• **Task to carry out**
Copy out the data below as written; omit any images.

(Records from a data source)
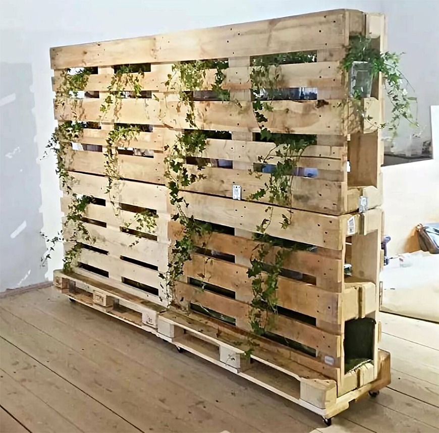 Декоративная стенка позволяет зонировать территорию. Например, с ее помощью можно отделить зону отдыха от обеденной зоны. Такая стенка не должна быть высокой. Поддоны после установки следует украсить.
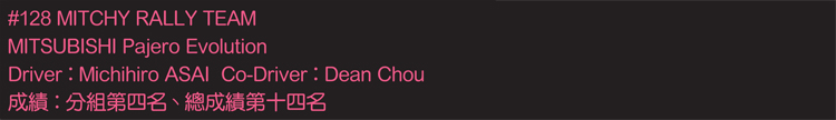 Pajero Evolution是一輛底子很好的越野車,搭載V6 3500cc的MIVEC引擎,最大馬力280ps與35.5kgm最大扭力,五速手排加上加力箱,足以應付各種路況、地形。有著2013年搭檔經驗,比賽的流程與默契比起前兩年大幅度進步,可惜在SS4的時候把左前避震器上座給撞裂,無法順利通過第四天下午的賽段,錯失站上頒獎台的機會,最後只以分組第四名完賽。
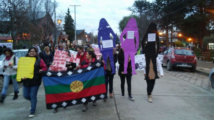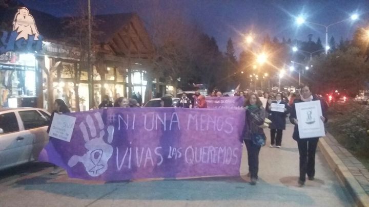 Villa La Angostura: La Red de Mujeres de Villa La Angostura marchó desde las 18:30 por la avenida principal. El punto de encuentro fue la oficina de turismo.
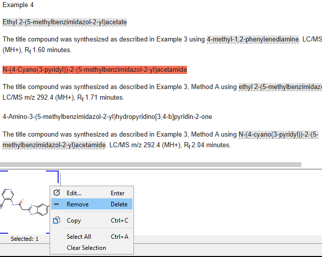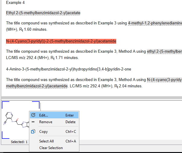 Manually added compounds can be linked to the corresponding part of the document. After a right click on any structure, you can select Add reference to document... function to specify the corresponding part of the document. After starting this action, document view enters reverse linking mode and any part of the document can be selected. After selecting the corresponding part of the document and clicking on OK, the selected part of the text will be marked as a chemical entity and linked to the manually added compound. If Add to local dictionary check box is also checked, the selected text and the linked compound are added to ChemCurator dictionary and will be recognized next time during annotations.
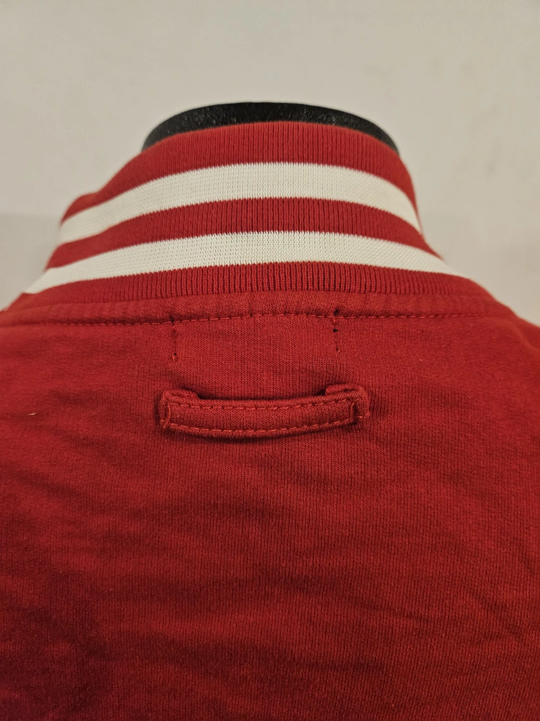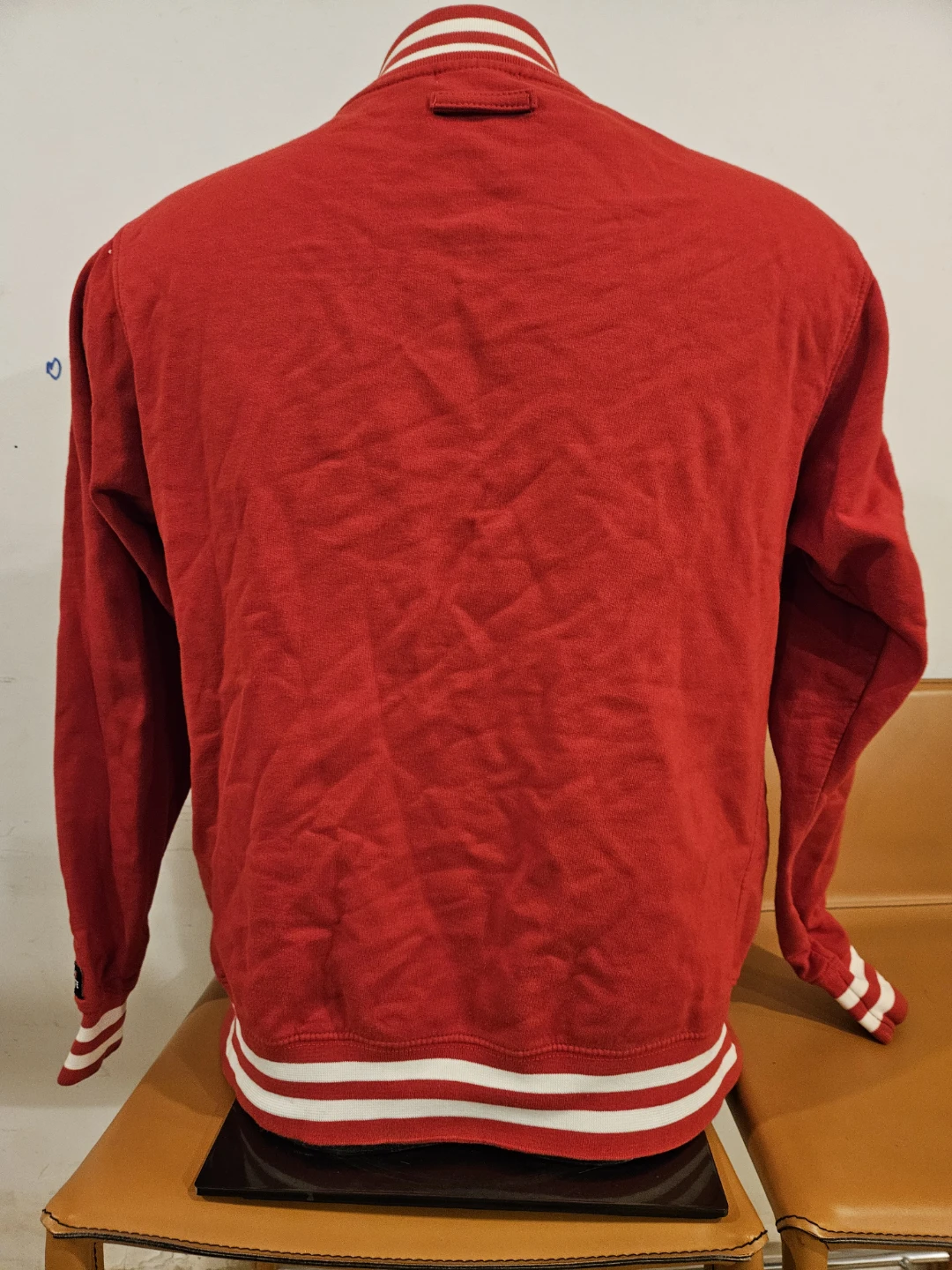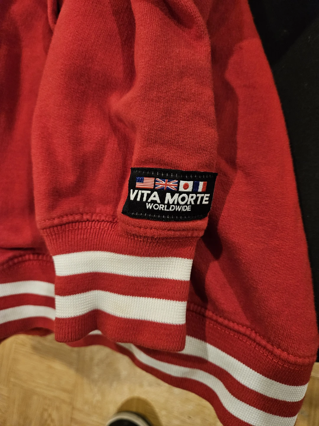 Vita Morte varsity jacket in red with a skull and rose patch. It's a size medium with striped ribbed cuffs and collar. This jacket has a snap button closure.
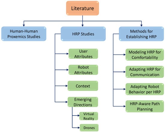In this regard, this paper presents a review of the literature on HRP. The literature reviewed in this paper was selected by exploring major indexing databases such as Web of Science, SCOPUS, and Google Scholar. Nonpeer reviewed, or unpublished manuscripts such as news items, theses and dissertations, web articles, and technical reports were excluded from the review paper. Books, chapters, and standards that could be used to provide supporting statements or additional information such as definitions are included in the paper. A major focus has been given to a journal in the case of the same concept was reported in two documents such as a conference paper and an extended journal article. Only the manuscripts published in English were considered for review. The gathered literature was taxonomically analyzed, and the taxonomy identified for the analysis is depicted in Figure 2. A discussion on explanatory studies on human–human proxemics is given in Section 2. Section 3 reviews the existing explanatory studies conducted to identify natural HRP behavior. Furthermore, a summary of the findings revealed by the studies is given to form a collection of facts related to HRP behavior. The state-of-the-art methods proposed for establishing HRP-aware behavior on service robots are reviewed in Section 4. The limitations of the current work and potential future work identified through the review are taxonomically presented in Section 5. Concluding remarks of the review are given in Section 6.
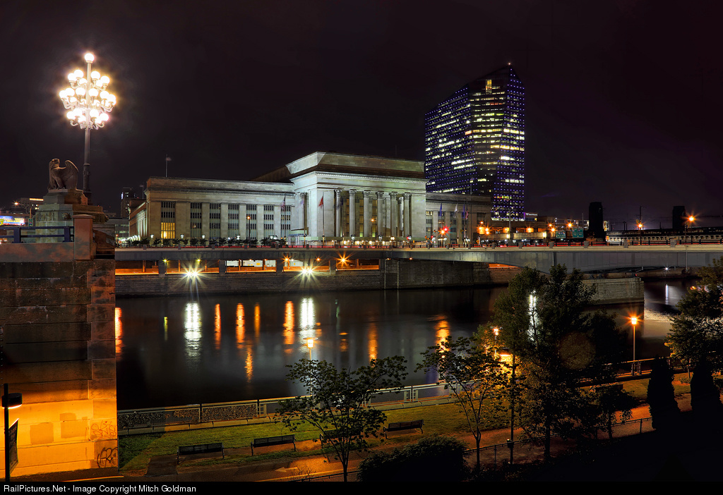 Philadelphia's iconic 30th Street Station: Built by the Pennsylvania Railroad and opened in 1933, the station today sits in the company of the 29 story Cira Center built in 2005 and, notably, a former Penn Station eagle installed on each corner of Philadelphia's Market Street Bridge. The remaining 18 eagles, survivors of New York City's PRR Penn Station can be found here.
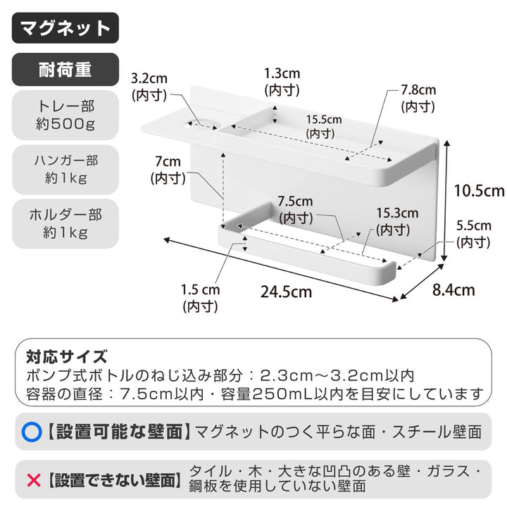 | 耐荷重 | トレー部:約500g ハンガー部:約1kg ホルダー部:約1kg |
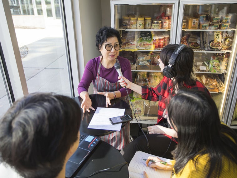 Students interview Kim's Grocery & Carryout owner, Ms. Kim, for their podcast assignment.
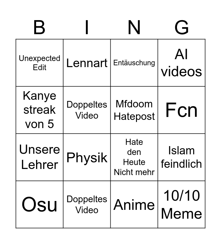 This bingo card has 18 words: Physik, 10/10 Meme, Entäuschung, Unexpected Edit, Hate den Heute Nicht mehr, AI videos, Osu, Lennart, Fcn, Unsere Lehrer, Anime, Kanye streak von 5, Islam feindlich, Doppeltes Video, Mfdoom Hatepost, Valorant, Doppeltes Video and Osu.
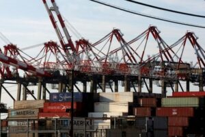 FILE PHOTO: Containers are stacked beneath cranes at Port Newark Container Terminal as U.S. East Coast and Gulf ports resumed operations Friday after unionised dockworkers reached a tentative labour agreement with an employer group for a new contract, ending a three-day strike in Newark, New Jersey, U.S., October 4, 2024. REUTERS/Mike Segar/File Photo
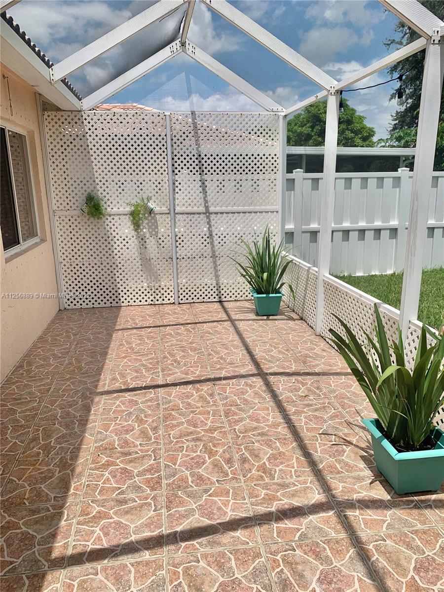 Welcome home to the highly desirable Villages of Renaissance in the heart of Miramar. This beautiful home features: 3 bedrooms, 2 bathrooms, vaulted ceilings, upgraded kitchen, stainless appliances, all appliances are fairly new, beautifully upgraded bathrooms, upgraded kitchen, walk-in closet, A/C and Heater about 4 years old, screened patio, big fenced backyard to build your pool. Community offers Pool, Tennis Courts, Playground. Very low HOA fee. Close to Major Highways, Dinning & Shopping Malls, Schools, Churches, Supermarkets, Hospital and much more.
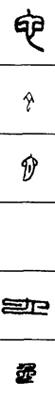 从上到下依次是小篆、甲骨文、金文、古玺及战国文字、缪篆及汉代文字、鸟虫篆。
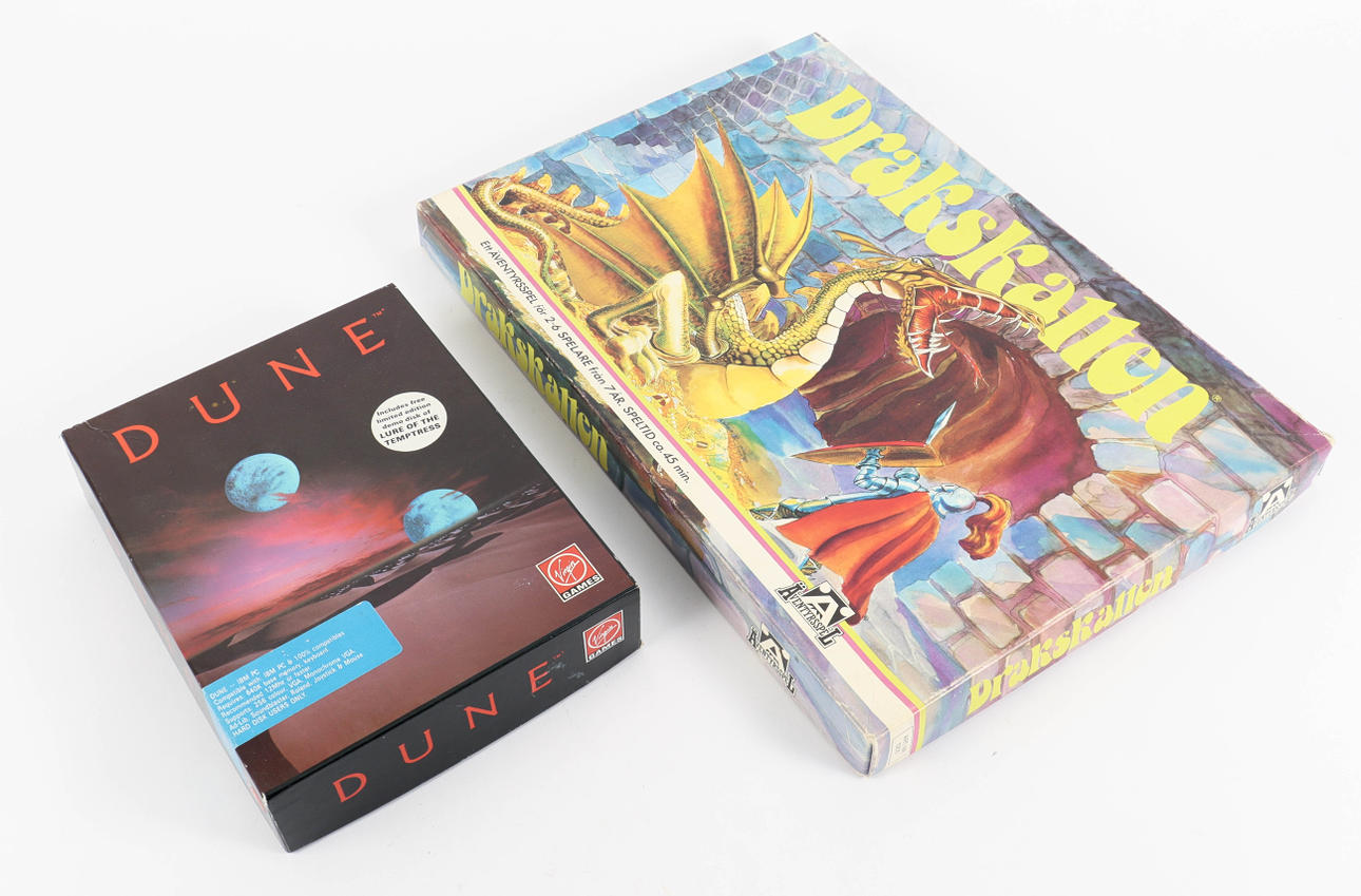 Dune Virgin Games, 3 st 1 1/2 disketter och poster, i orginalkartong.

• **Written solution**
 Декоративная стенка позволяет зонировать территорию. Например, с ее помощью можно отделить зону отдыха от обеденной зоны. Такая стенка не должна быть высокой. Поддоны после установки следует украсить.
 Pajero Evolution是一輛底子很好的越野車,搭載V6 3500cc的MIVEC引擎,最大馬力280ps與35.5kgm最大扭力,五速手排加上加力箱,足以應付各種路況、地形。有著2013年搭檔經驗,比賽的流程與默契比起前兩年大幅度進步,可惜在SS4的時候把左前避震器上座給撞裂,無法順利通過第四天下午的賽段,錯失站上頒獎台的機會,最後只以分組第四名完賽。
 Villa La Angostura: La Red de Mujeres de Villa La Angostura marchó desde las 18:30 por la avenida principal. El punto de encuentro fue la oficina de turismo.
 Manually added compounds can be linked to the corresponding part of the document. After a right click on any structure, you can select Add reference to document... function to specify the corresponding part of the document. After starting this action, document view enters reverse linking mode and any part of the document can be selected. After selecting the corresponding part of the document and clicking on OK, the selected part of the text will be marked as a chemical entity and linked to the manually added compound. If Add to local dictionary check box is also checked, the selected text and the linked compound are added to ChemCurator dictionary and will be recognized next time during annotations.
 Vita Morte varsity jacket in red with a skull and rose patch. It's a size medium with striped ribbed cuffs and collar. This jacket has a snap button closure.
In this regard, this paper presents a review of the literature on HRP. The literature reviewed in this paper was selected by exploring major indexing databases such as Web of Science, SCOPUS, and Google Scholar. Nonpeer reviewed, or unpublished manuscripts such as news items, theses and dissertations, web articles, and technical reports were excluded from the review paper. Books, chapters, and standards that could be used to provide supporting statements or additional information such as definitions are included in the paper. A major focus has been given to a journal in the case of the same concept was reported in two documents such as a conference paper and an extended journal article. Only the manuscripts published in English were considered for review. The gathered literature was taxonomically analyzed, and the taxonomy identified for the analysis is depicted in Figure 2. A discussion on explanatory studies on human–human proxemics is given in Section 2. Section 3 reviews the existing explanatory studies conducted to identify natural HRP behavior. Furthermore, a summary of the findings revealed by the studies is given to form a collection of facts related to HRP behavior. The state-of-the-art methods proposed for establishing HRP-aware behavior on service robots are reviewed in Section 4. The limitations of the current work and potential future work identified through the review are taxonomically presented in Section 5. Concluding remarks of the review are given in Section 6.
 Philadelphia's iconic 30th Street Station: Built by the Pennsylvania Railroad and opened in 1933, the station today sits in the company of the 29 story Cira Center built in 2005 and, notably, a former Penn Station eagle installed on each corner of Philadelphia's Market Street Bridge. The remaining 18 eagles, survivors of New York City's PRR Penn Station can be found here.
 | 耐荷重 | トレー部:約500g ハンガー部:約1kg ホルダー部:約1kg |
 Students interview Kim's Grocery & Carryout owner, Ms. Kim, for their podcast assignment.
 This bingo card has 18 words: Physik, 10/10 Meme, Entäuschung, Unexpected Edit, Hate den Heute Nicht mehr, AI videos, Osu, Lennart, Fcn, Unsere Lehrer, Anime, Kanye streak von 5, Islam feindlich, Doppeltes Video, Mfdoom Hatepost, Valorant, Doppeltes Video and Osu.
 FILE PHOTO: Containers are stacked beneath cranes at Port Newark Container Terminal as U.S. East Coast and Gulf ports resumed operations Friday after unionised dockworkers reached a tentative labour agreement with an employer group for a new contract, ending a three-day strike in Newark, New Jersey, U.S., October 4, 2024. REUTERS/Mike Segar/File Photo
 Welcome home to the highly desirable Villages of Renaissance in the heart of Miramar. This beautiful home features: 3 bedrooms, 2 bathrooms, vaulted ceilings, upgraded kitchen, stainless appliances, all appliances are fairly new, beautifully upgraded bathrooms, upgraded kitchen, walk-in closet, A/C and Heater about 4 years old, screened patio, big fenced backyard to build your pool. Community offers Pool, Tennis Courts, Playground. Very low HOA fee. Close to Major Highways, Dinning & Shopping Malls, Schools, Churches, Supermarkets, Hospital and much more.
 从上到下依次是小篆、甲骨文、金文、古玺及战国文字、缪篆及汉代文字、鸟虫篆。
 Dune Virgin Games, 3 st 1 1/2 disketter och poster, i orginalkartong.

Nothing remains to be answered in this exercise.